(Beginning of INFORMATION)
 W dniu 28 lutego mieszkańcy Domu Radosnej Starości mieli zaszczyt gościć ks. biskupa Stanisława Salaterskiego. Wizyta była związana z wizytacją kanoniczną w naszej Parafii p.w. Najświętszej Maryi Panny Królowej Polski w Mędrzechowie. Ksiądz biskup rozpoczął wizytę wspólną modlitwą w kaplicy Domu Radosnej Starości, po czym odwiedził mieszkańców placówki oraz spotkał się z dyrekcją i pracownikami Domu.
(End of INFORMATION)
(Beginning of INFORMATION)
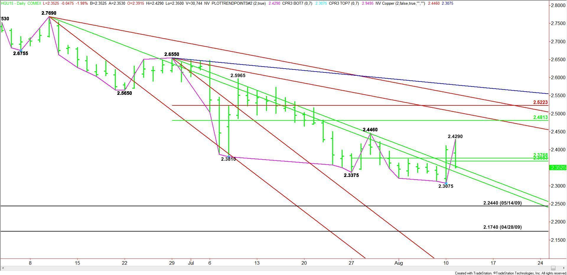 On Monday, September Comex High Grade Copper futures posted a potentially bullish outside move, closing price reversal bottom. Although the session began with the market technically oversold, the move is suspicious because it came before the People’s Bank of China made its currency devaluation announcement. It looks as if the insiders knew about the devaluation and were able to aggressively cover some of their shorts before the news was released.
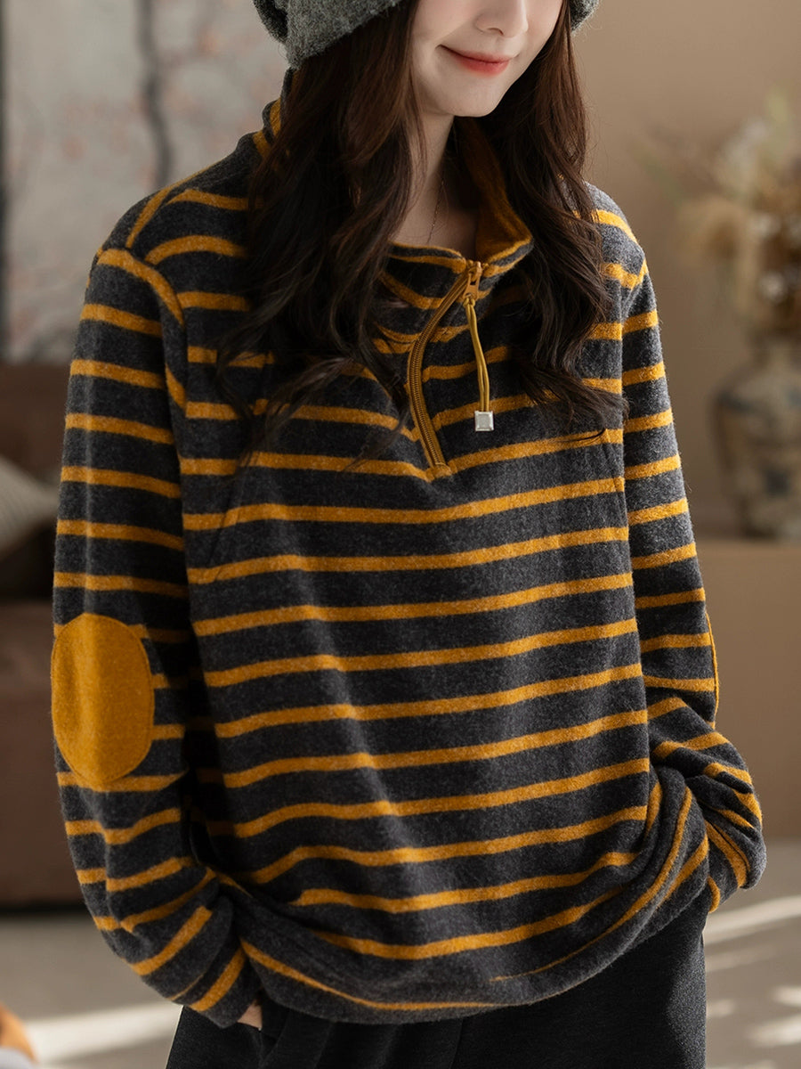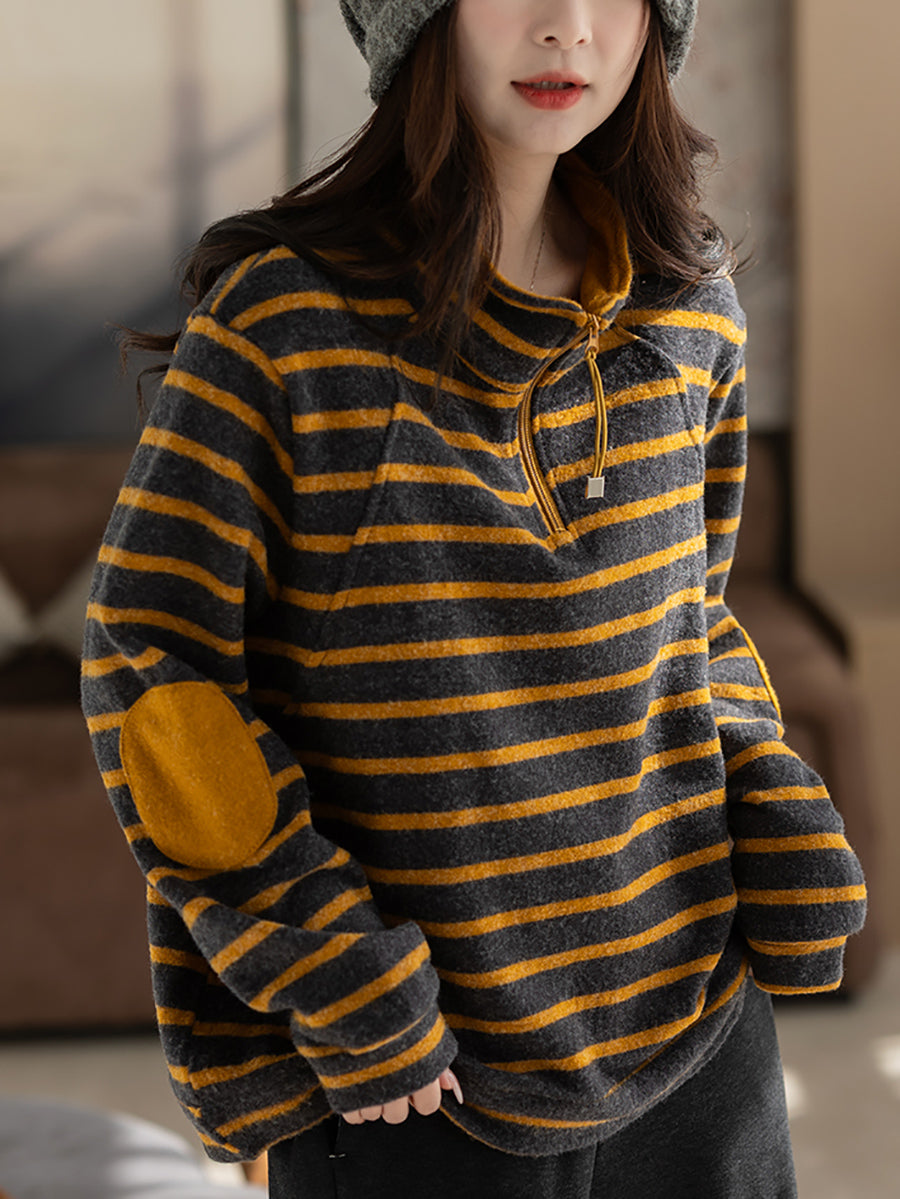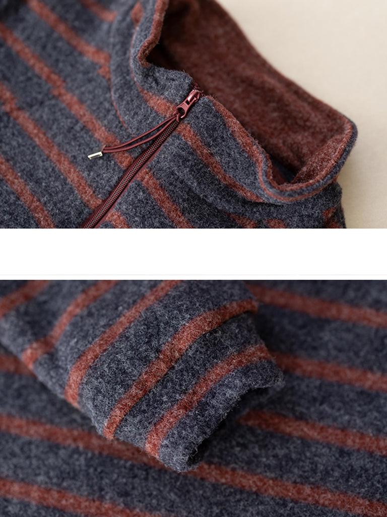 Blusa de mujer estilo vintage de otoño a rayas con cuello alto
(End of INFORMATION)
Looking at the listing above, which lines run from the one containing "On Monday, September" through the one containing "Blusa de mujer"? Print exactly those, ends included, pictures excluded.

▶ [RESPONSE]:
 On Monday, September Comex High Grade Copper futures posted a potentially bullish outside move, closing price reversal bottom. Although the session began with the market technically oversold, the move is suspicious because it came before the People’s Bank of China made its currency devaluation announcement. It looks as if the insiders knew about the devaluation and were able to aggressively cover some of their shorts before the news was released.
 Blusa de mujer estilo vintage de otoño a rayas con cuello alto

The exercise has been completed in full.